In a strong bid to make public procurements transparent and corruption-free, the finance ministry has asked all arms of the government to make electronic payments to vendors of goods and services from April 1.
The Department of Expenditure has directed all ministries and departments including defence, finance and railways to ensure direct credit by electronic transfer to the specified bank account of suppliers, contractors, guarantee and loanee institutions above R25,000 for services provided to government bodies.
?The e-payment system will facilitate easier payments and bring transparency into the system,? expenditure secretary Sumit Bose told FE.

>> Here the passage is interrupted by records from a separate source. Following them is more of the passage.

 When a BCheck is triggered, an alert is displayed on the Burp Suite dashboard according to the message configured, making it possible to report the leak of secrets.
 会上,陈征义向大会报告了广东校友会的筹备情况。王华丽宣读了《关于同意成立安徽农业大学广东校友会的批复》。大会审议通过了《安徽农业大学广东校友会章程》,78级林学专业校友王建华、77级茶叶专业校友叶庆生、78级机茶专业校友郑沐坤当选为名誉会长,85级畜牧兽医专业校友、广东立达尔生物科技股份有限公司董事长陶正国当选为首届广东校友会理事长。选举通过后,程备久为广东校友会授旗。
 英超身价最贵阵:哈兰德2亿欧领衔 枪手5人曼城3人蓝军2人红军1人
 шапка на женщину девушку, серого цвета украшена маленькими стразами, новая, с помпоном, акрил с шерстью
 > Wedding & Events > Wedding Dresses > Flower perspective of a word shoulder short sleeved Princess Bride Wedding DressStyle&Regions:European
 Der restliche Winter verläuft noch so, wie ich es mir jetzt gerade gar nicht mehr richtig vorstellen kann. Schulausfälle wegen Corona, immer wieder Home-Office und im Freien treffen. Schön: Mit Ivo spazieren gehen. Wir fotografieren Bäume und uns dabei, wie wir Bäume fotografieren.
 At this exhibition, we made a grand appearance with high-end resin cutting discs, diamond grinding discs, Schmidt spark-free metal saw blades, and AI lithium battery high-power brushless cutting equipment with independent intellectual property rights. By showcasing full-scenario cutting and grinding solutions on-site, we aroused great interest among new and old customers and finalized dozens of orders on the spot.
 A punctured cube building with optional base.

The scope of e-payments has also been expanded to include settlement of retirement benefits above R25,000 such as gratuity, commuted value of pension and leave encashment. Government servants have been allowed to choose this option for salary receipts.
The government will also enable electronically signed payment advices to financial institutions for withdrawals from the general provident fund and the central government employees group insurance scheme.

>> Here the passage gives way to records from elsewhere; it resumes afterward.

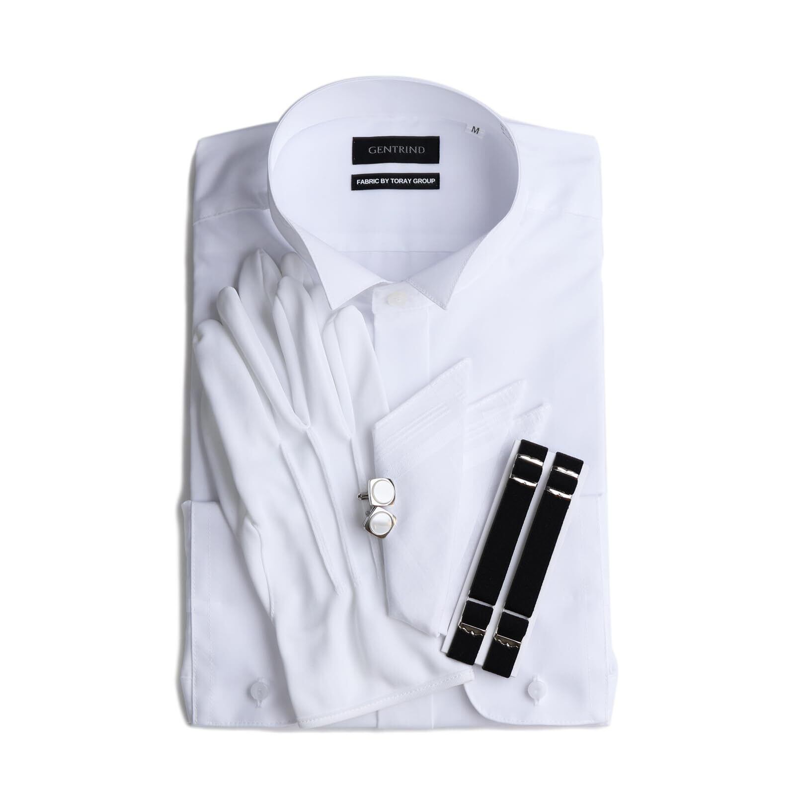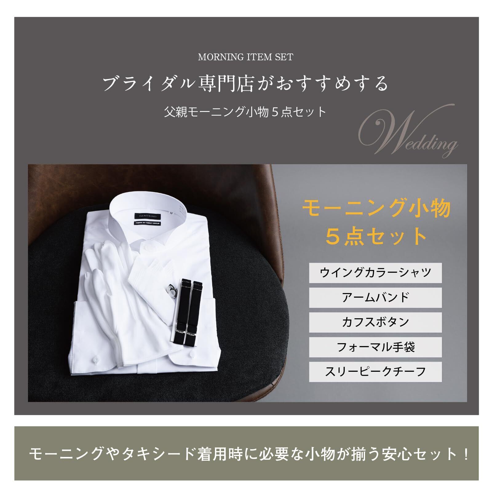 [Y&TAILOR] ウイングカラーシャツ タキシード モーニング 小物 5点 セット チーフ カフスボタン アームバンド 手袋 結婚式【R】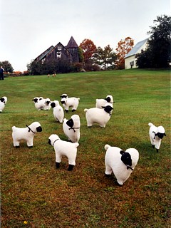 andere Tiere aus Plüsch auf der Weide standen. Skurril! Wir hielten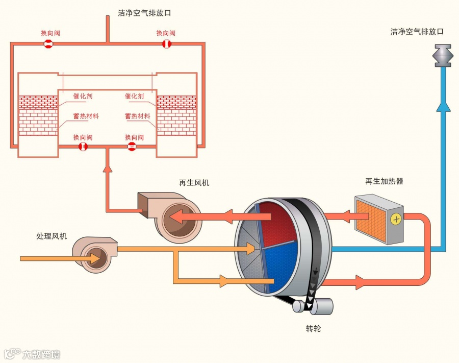 原理是把有机废气加热到760℃以上,使废气中的VOC在氧化分解成二氧化碳和水。氧化产生的高温气体流经特制的陶瓷蓄热体,使陶瓷体升温而“蓄热”,此“蓄热”用于预热后续进入的有机废气。从而节省废气升温的燃料消耗。陶瓷蓄热体应分成两个(含两个)以上的区或室,每个蓄热室依次经历蓄热-放热-清扫等程序,周而复始,连续工作。蓄热室“放热”后应立即引入部分已处理合格的洁净排气对该蓄热室进行清扫(以保证VOC去除率在95%以上),只有待清扫完成后才能进入“蓄热”程序。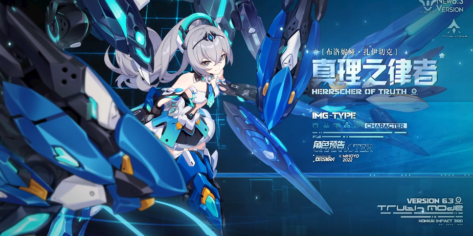 真理之律者在游戏中又叫布洛妮娅,她自身是一位白发的萌妹子,背景故事中经历了许多沧桑,所操控的机甲非常华丽。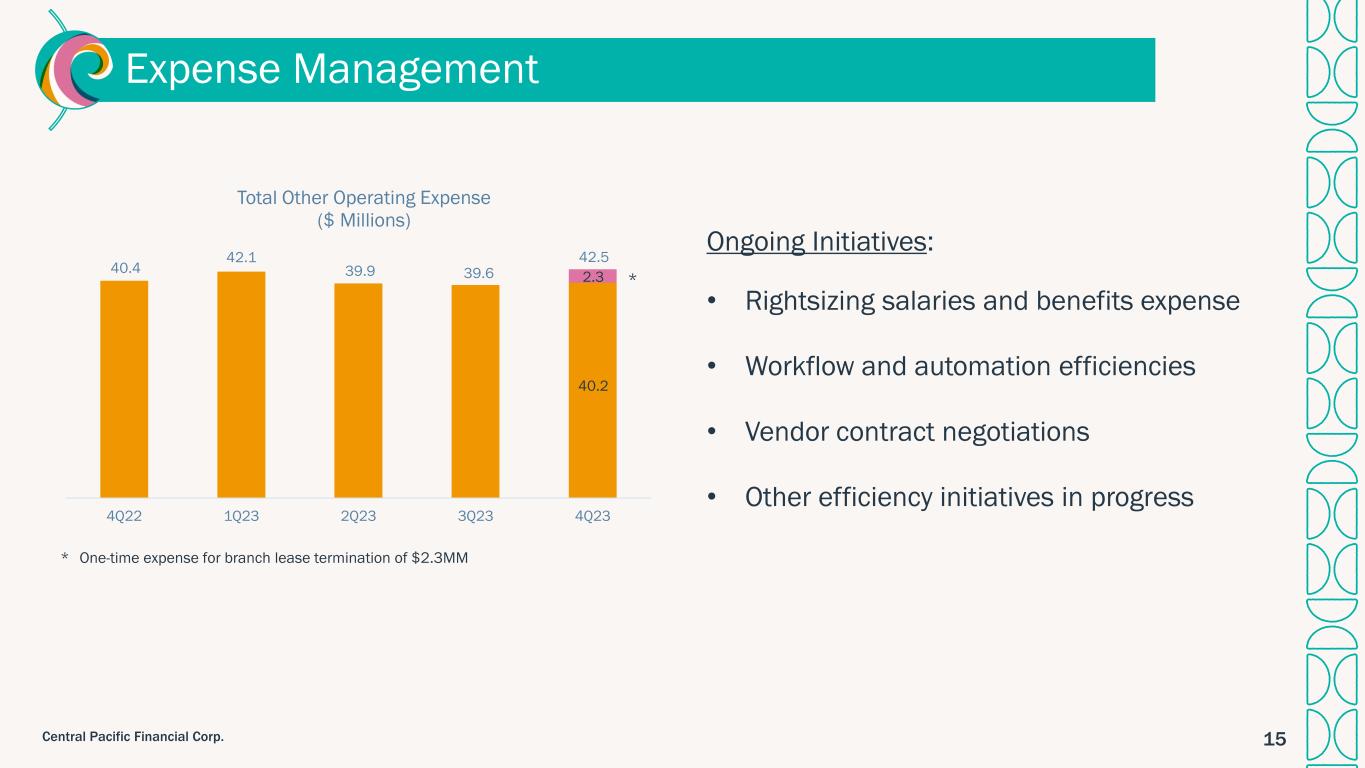 14Central Pacific Financial Corp. Focus on Driving Efficiency4 27 branches down 8 (-23%) since 2020 Branch Consolidation 720 FTE down 79 (-10%) since 2020 FTE Initiatives 50+ processes being standardized and automated Process Automation $940K 2023 savings + additional in progress Vendor Contract Savings Data as of December 31, 2023

While major reform measures call for elusive political consensus, the government wants to do whatever is administratively possible to make private sector participation in government contracts hassle-free. To facilitate this, the Central Government Account (Receipts and Payments) Rules, 1983 have been amended. The ministry has issued two separate orders to facilitate electronic payments to suppliers and public servants.

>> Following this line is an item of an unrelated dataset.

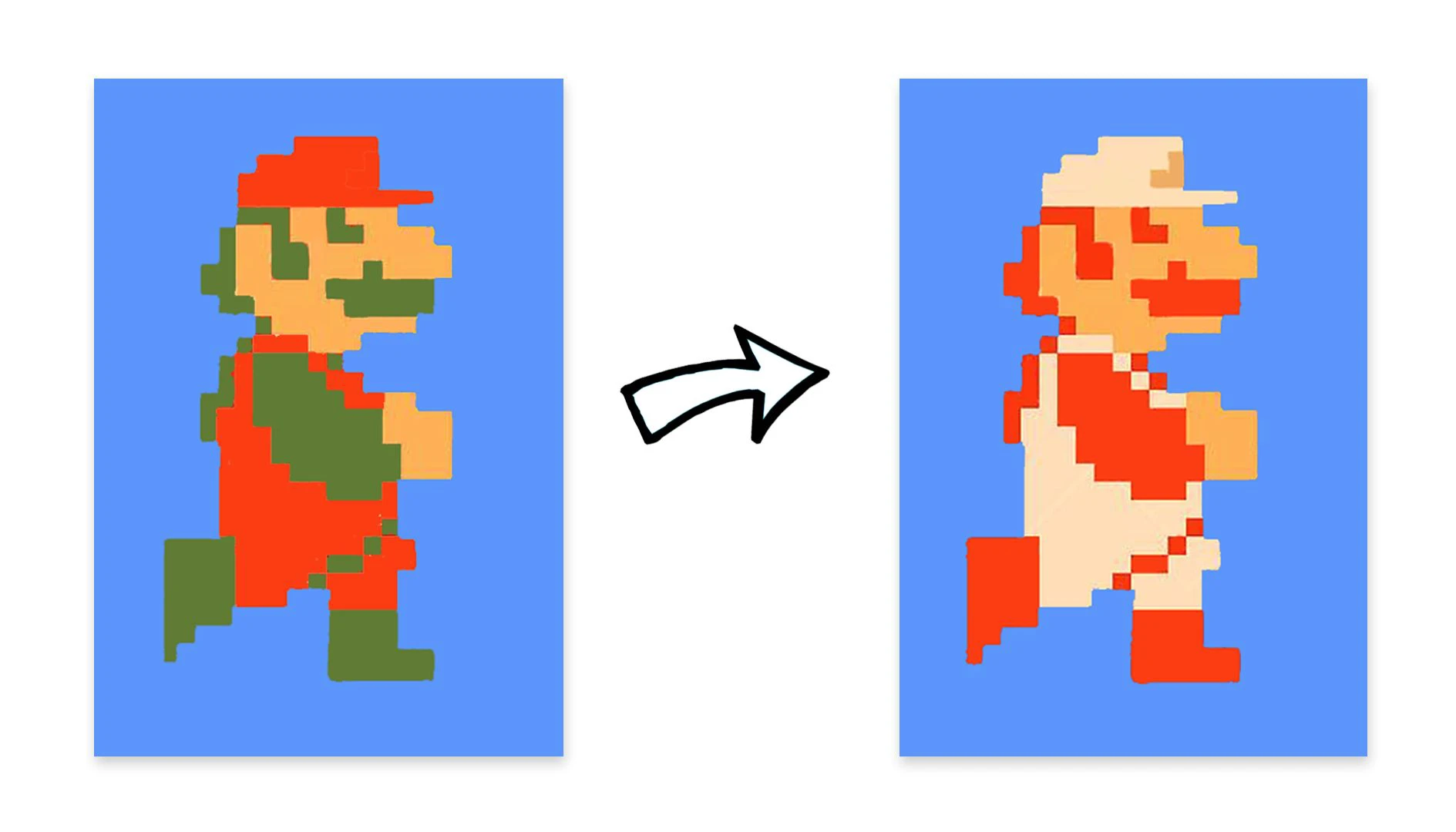 Вот, например, Марио из классической Super Mario Bros 1995 года. Изображения героя идентичны по форме, но отличаются цветом.

The new policy is expected to cut down payment delays faced by private vendors. It is also expected to bring efficiency into the procurement programme, especially the capital-intensives ones managed by the ministries of defence and telecom.
The government will be spending close to Rs 15 lakh crore this fiscal, two-thirds of which is for making interest and subsidy payments and for running the state machinery (non-Plan spending). The rest is for various Plan projects and for central assistance to state projects.
The shift to e-payments is in line with the government’s move to extend the Unique Identification Authority of India’s (UIDAI) Aadhaar-enabled payments for various government schemes in at least 50 selected districts within the next six months. Under Aadhaar-enabled payments, subsidies are directly transferred to the beneficiary’s bank accounts. The Aadhaar platform is also expected to cover direct payments under the rural employment guarantee scheme, old age, widow and disability pensions and scholarships in selected areas.